• [WORK TASK]:
The entries below are to be given back exactly, with images excluded.

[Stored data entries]
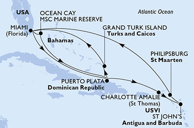 | 10. | 29.11.2027, Po | 10. Ocean Cay MSC Marine Reserve (Ocean Cay) / Bahamy | 08:00 | 23:59 |
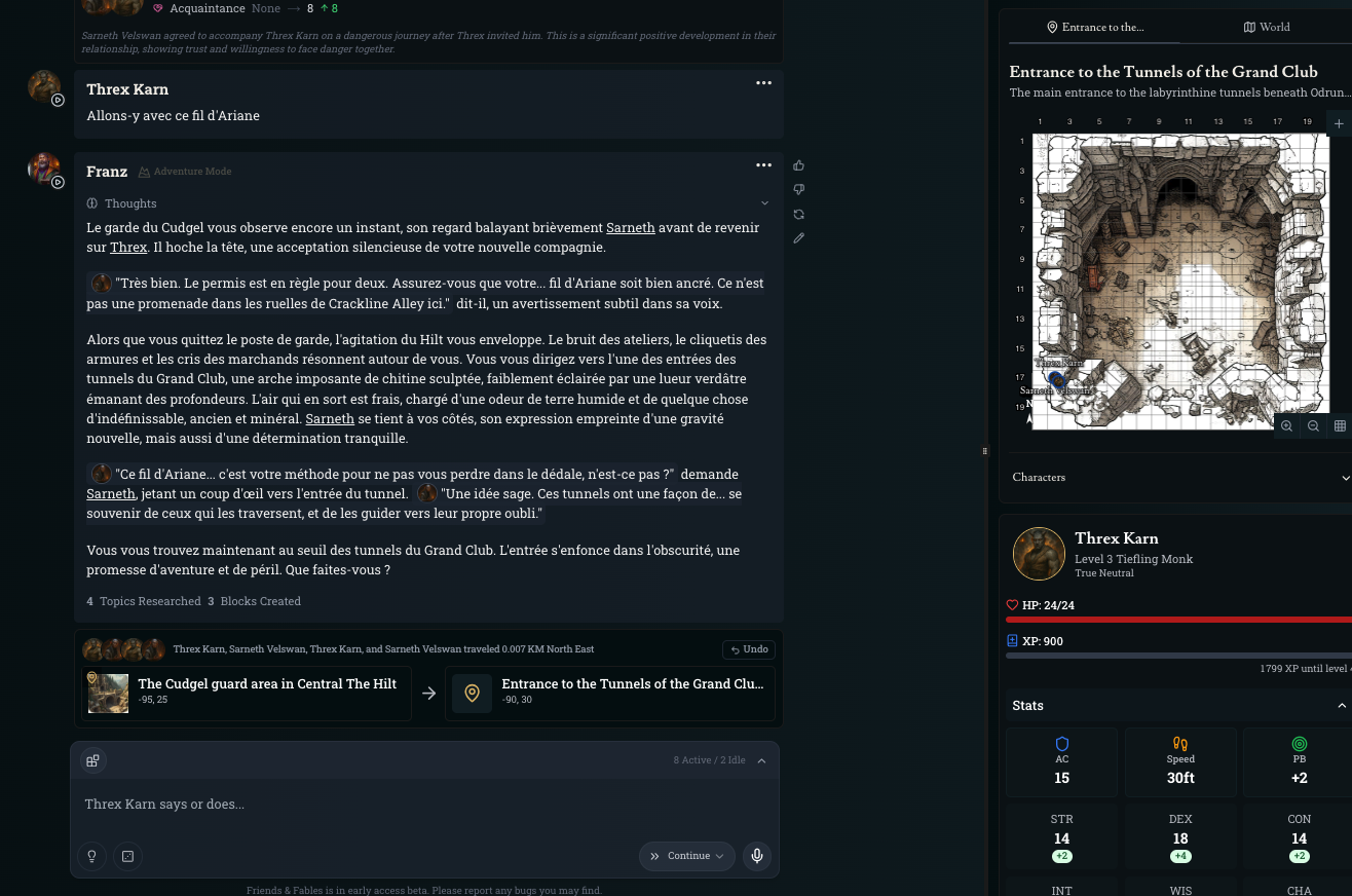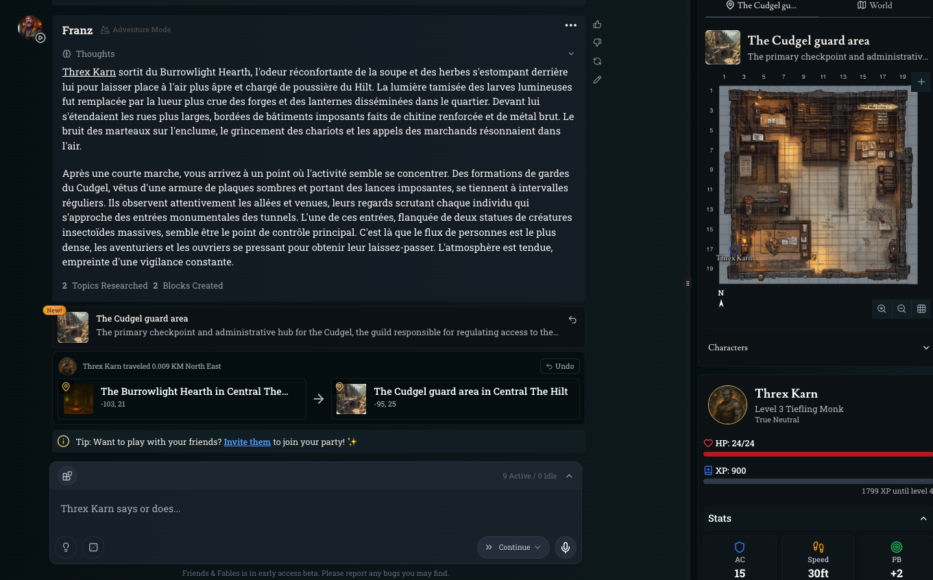 Friends & Fables (https://fables.gg/) regroupe des jeux de rôle (RPG) textuels autour de mondes et de personnages aléatoires ou créés par les joueurs et « pilotés » ensuite par une IA générative de texte.
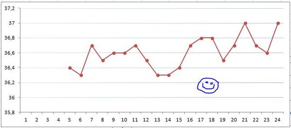 @monika11m teplota je individuálna, ja som už mala aj 37,3 a nič z toho nebola a niekomu stačí aj 36,8 a je to tam 🙂 záleží na tom, aké máš teploty pred ovuláciou a aké po ovulácii, píšeš, že si dnes 24 dc, koľko si dpo? prípadne napíš všetky svoje namerané teploty s dátumami a @paskolinka vie nakresliť krásny graf, že? aj s kyslím smajlíkom 😀
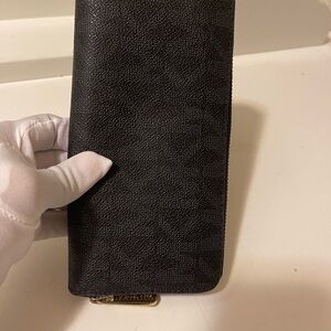 Michael Kors Black Jet Set Zip Around Wallet Silver...
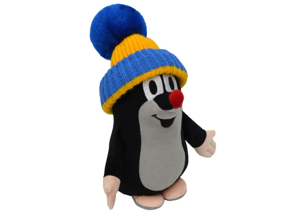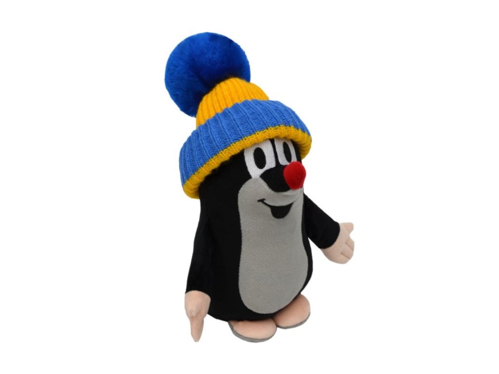 Krtek s kulichem modro-žlutým stojící 24cm v sáčku 0+
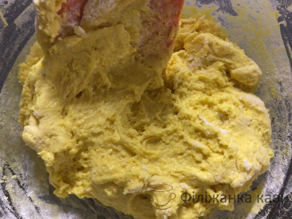 Потім в жовтки порціями додаємо борошно з розпушувачем. В результаті виходить дуже густа маса.
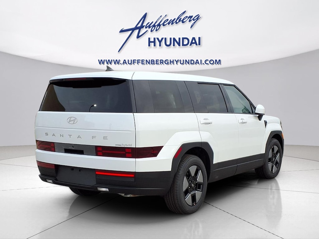 Serenity White 2026 Hyundai Santa Fe Hybrid SE 4D Sport Utility I4 AWD 6-Speed Automatic with Shiftronic I4, 18" x 7.5J Alloy Wheels, 3rd row seats: bench, 4-Wheel Disc Brakes, 6 Speakers, ABS brakes, Air Conditioning, Alloy wheels, AM/FM radio: SiriusXM, Apple CarPlay & Android Auto, Auto High-beam Headlights, Automatic temperature control, Brake assist, Bumpers: body-color, Carpeted Floor Mats, Delay-off headlights, Driver door bin, Driver vanity mirror, Dual front impact airbags, Dual front side impact airbags, Electronic Stability Control, Emergency communication system, Exterior Parking Camera Rear, Four wheel independent suspension, Front anti-roll bar, Front Bucket Seats, Front Center Armrest, Front dual zone A/C, Front reading lights, Fully automatic headlights, Heated door mirrors, Illuminated entry, Knee airbag, Leather steering wheel, Low tire pressure warning, Occupant sensing airbag, Option Group 01, Outside temperature display, Overhead airbag, Overhead console, Panic alarm, Passenger door bin, Passenger vanity mirror, Power door mirrors, Power Liftgate, Power steering, Power windows, Radio: AM/FM/HD Display Audio, Rear anti-roll bar, Rear seat center armrest, Rear side impact airbag, Rear window defroster, Rear window wiper, Remote keyless entry, Security system, Speed control, Speed-sensing steering, Split folding rear seat, Spoiler, Steering wheel mounted audio controls, Tachometer, Telescoping steering wheel, Tilt steering wheel, Traction control, Trip computer, Variably intermittent wipers, YES Essentials Stain-Resistant Cloth Seat Trim, I4.
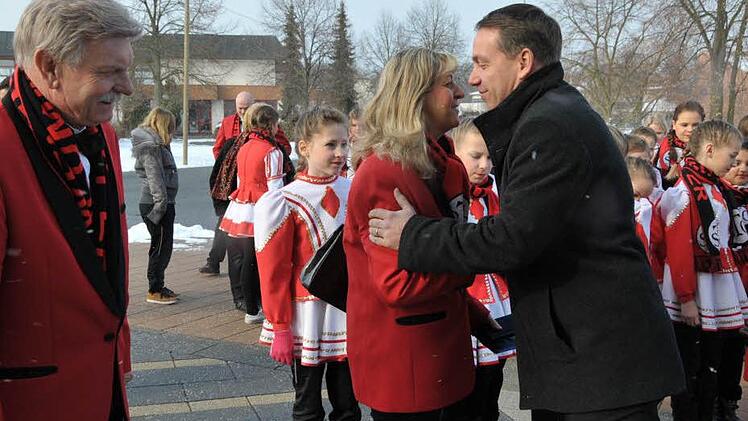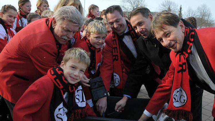 Damit sich die Narren beim obligatorischen Geldbeutelwaschen bei frostigen Temperaturen nicht die Finger erfroren, stellte die Gemeinde warmes Wasser zur Verfügung. Das Ritual des Geldbeutelwaschens dient einem alten Glauben zufolge dazu, neues Geld in die Geldbeutel zu spülen. Nach dem offiziellen Teil im Rathaus zog es die Narren zum traditionellen Heringsessen in das Foyer der Mehrzweckhalle.
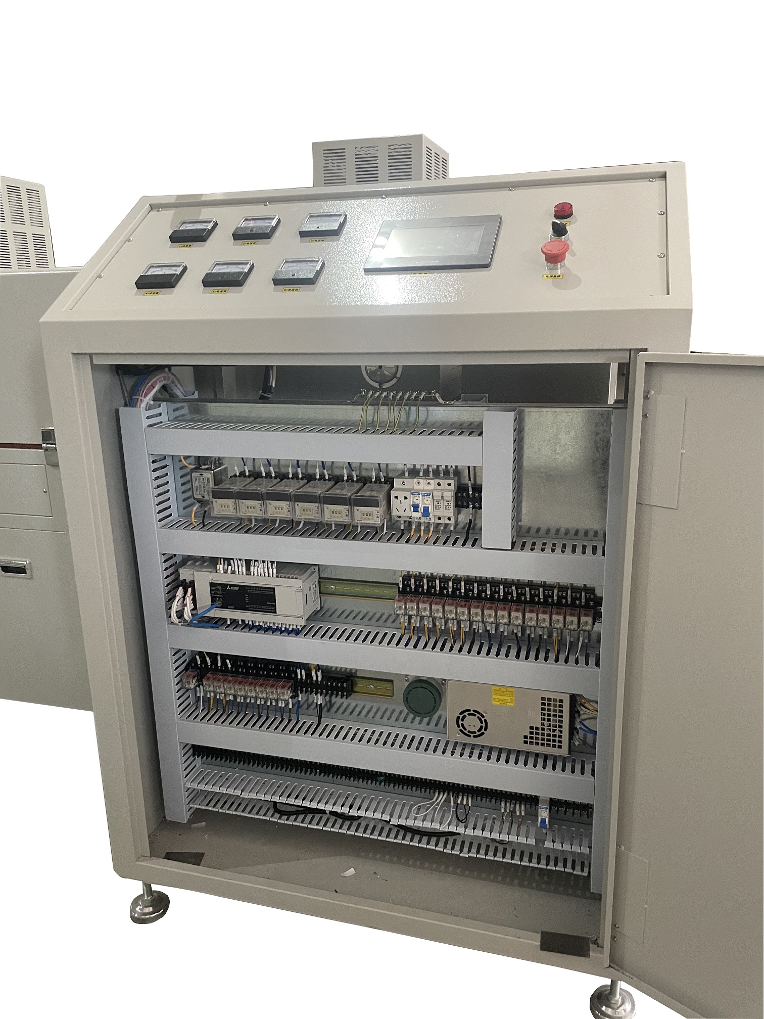 控制方式:采用(三菱)温度模块配合(桦特)SCR控制温度,控温精准,温度偏差小;操作介面采用(威伦)7寸彩屏配合(三菱)PLC设定及
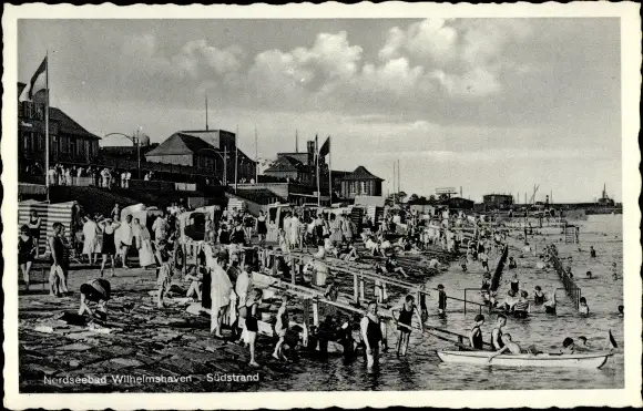 Ak Wilhelmshaven an der Nordsee, Südstrand, Strandleben, Ruderboot
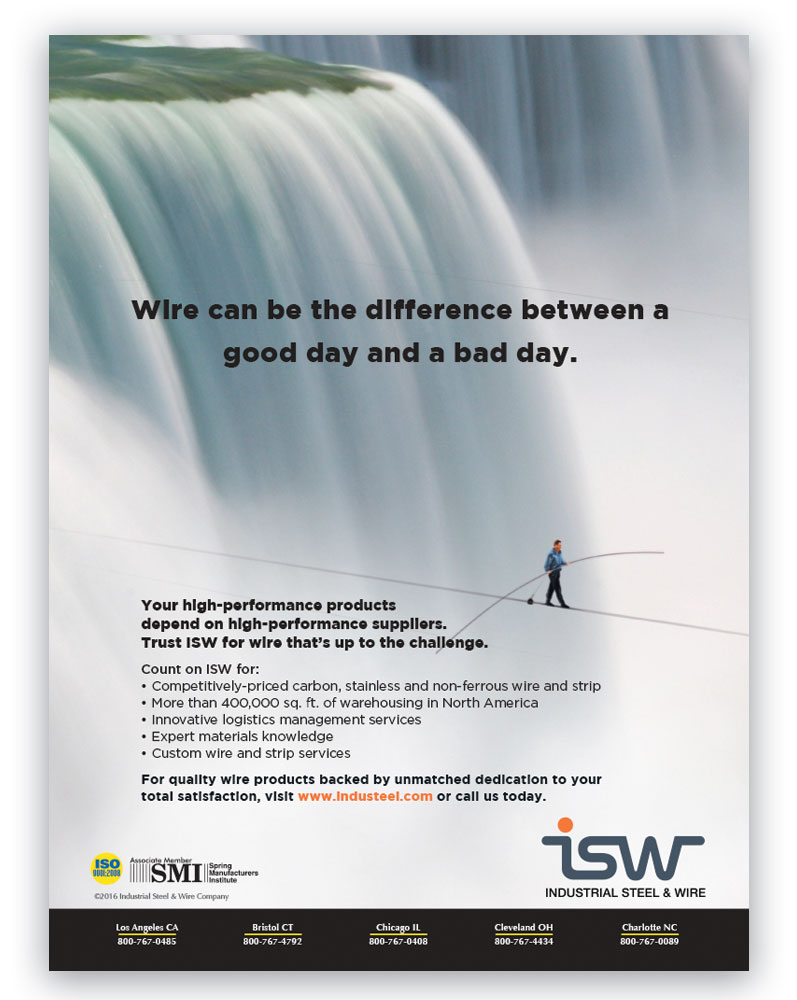 The campaign: Boomm created an ad featuring a tightrope walker balanced precariously over Niagara Falls. The message? Wire can be the difference between a good day and a bad day—and Industrial Steel and Wire should be your trusted supplier. We also created a striking booth for use at trade shows, providing a way for ISW to stand out and reach new customers.
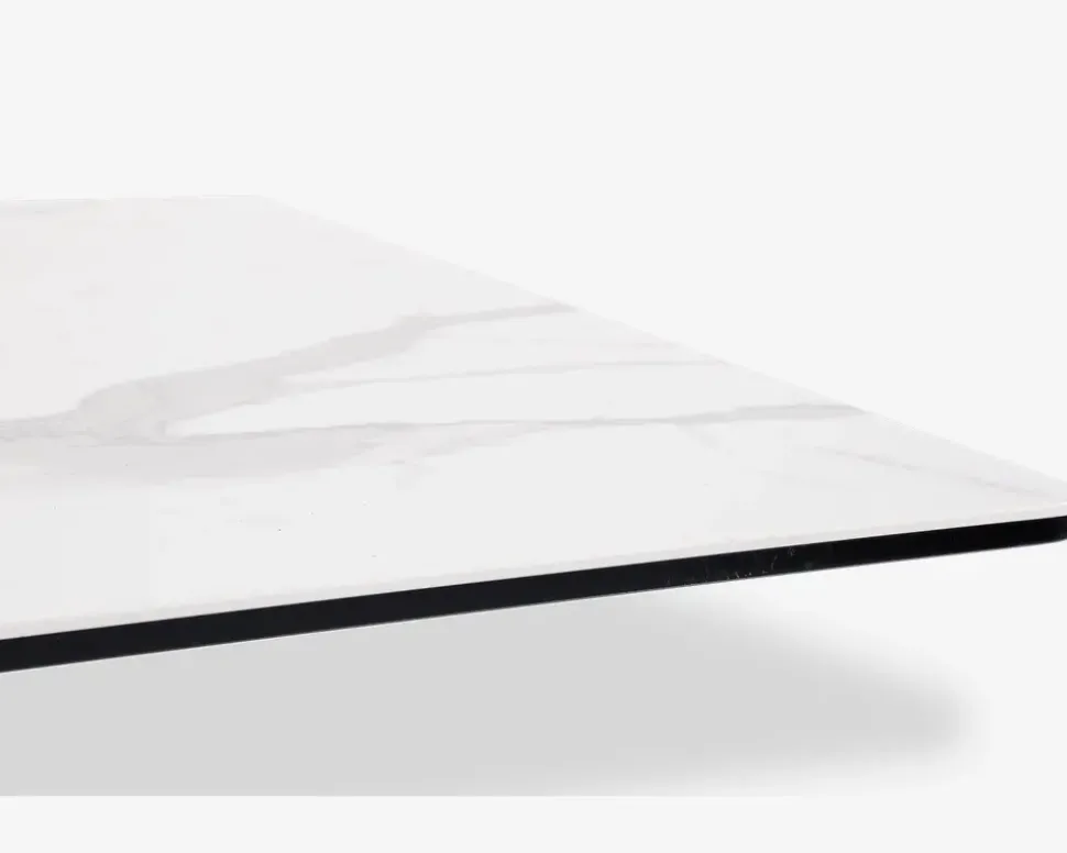 Elegant og moderne sofabord med glasplade som har en overflade som er lavet af keramik i hvid. Det har den fordel at bordet er meget modstandsdygtig overfor varme og væsker. Det er næsten umuligt at ridse og så kræver det ingen vedligeholdelse. Man tørrer blot bordet af med en opvredet klud. Og som en sidegevinst er det et naturprodukt som er 100% genanvendeligt. Bordet har et smart understel som er med til at give bordet det moderne udtryk. Stellet er sortlakeret metal. Der findes også et spisebord som har samme type bordplade og understel. Bordet leveres usamlet, men samles nemt.• Elegant og moderne sofabord• Glasplade med keramik overflade• Sortlakeret metalstel• Modstandsdygtig overfor varme og væsker• Leveres usamlet, men samles nemt• Mål i cm. L.130 x B.70 x H.45

• [TASK OUTPUT]:
 | 10. | 29.11.2027, Po | 10. Ocean Cay MSC Marine Reserve (Ocean Cay) / Bahamy | 08:00 | 23:59 |
 Friends & Fables (https://fables.gg/) regroupe des jeux de rôle (RPG) textuels autour de mondes et de personnages aléatoires ou créés par les joueurs et « pilotés » ensuite par une IA générative de texte.
 @monika11m teplota je individuálna, ja som už mala aj 37,3 a nič z toho nebola a niekomu stačí aj 36,8 a je to tam 🙂 záleží na tom, aké máš teploty pred ovuláciou a aké po ovulácii, píšeš, že si dnes 24 dc, koľko si dpo? prípadne napíš všetky svoje namerané teploty s dátumami a @paskolinka vie nakresliť krásny graf, že? aj s kyslím smajlíkom 😀
 Michael Kors Black Jet Set Zip Around Wallet Silver...
 Krtek s kulichem modro-žlutým stojící 24cm v sáčku 0+
 Потім в жовтки порціями додаємо борошно з розпушувачем. В результаті виходить дуже густа маса.
 Serenity White 2026 Hyundai Santa Fe Hybrid SE 4D Sport Utility I4 AWD 6-Speed Automatic with Shiftronic I4, 18" x 7.5J Alloy Wheels, 3rd row seats: bench, 4-Wheel Disc Brakes, 6 Speakers, ABS brakes, Air Conditioning, Alloy wheels, AM/FM radio: SiriusXM, Apple CarPlay & Android Auto, Auto High-beam Headlights, Automatic temperature control, Brake assist, Bumpers: body-color, Carpeted Floor Mats, Delay-off headlights, Driver door bin, Driver vanity mirror, Dual front impact airbags, Dual front side impact airbags, Electronic Stability Control, Emergency communication system, Exterior Parking Camera Rear, Four wheel independent suspension, Front anti-roll bar, Front Bucket Seats, Front Center Armrest, Front dual zone A/C, Front reading lights, Fully automatic headlights, Heated door mirrors, Illuminated entry, Knee airbag, Leather steering wheel, Low tire pressure warning, Occupant sensing airbag, Option Group 01, Outside temperature display, Overhead airbag, Overhead console, Panic alarm, Passenger door bin, Passenger vanity mirror, Power door mirrors, Power Liftgate, Power steering, Power windows, Radio: AM/FM/HD Display Audio, Rear anti-roll bar, Rear seat center armrest, Rear side impact airbag, Rear window defroster, Rear window wiper, Remote keyless entry, Security system, Speed control, Speed-sensing steering, Split folding rear seat, Spoiler, Steering wheel mounted audio controls, Tachometer, Telescoping steering wheel, Tilt steering wheel, Traction control, Trip computer, Variably intermittent wipers, YES Essentials Stain-Resistant Cloth Seat Trim, I4.
 Damit sich die Narren beim obligatorischen Geldbeutelwaschen bei frostigen Temperaturen nicht die Finger erfroren, stellte die Gemeinde warmes Wasser zur Verfügung. Das Ritual des Geldbeutelwaschens dient einem alten Glauben zufolge dazu, neues Geld in die Geldbeutel zu spülen. Nach dem offiziellen Teil im Rathaus zog es die Narren zum traditionellen Heringsessen in das Foyer der Mehrzweckhalle.
 控制方式:采用(三菱)温度模块配合(桦特)SCR控制温度,控温精准,温度偏差小;操作介面采用(威伦)7寸彩屏配合(三菱)PLC设定及
 Ak Wilhelmshaven an der Nordsee, Südstrand, Strandleben, Ruderboot
 The campaign: Boomm created an ad featuring a tightrope walker balanced precariously over Niagara Falls. The message? Wire can be the difference between a good day and a bad day—and Industrial Steel and Wire should be your trusted supplier. We also created a striking booth for use at trade shows, providing a way for ISW to stand out and reach new customers.
 Elegant og moderne sofabord med glasplade som har en overflade som er lavet af keramik i hvid. Det har den fordel at bordet er meget modstandsdygtig overfor varme og væsker. Det er næsten umuligt at ridse og så kræver det ingen vedligeholdelse. Man tørrer blot bordet af med en opvredet klud. Og som en sidegevinst er det et naturprodukt som er 100% genanvendeligt. Bordet har et smart understel som er med til at give bordet det moderne udtryk. Stellet er sortlakeret metal. Der findes også et spisebord som har samme type bordplade og understel. Bordet leveres usamlet, men samles nemt.• Elegant og moderne sofabord• Glasplade med keramik overflade• Sortlakeret metalstel• Modstandsdygtig overfor varme og væsker• Leveres usamlet, men samles nemt• Mål i cm. L.130 x B.70 x H.45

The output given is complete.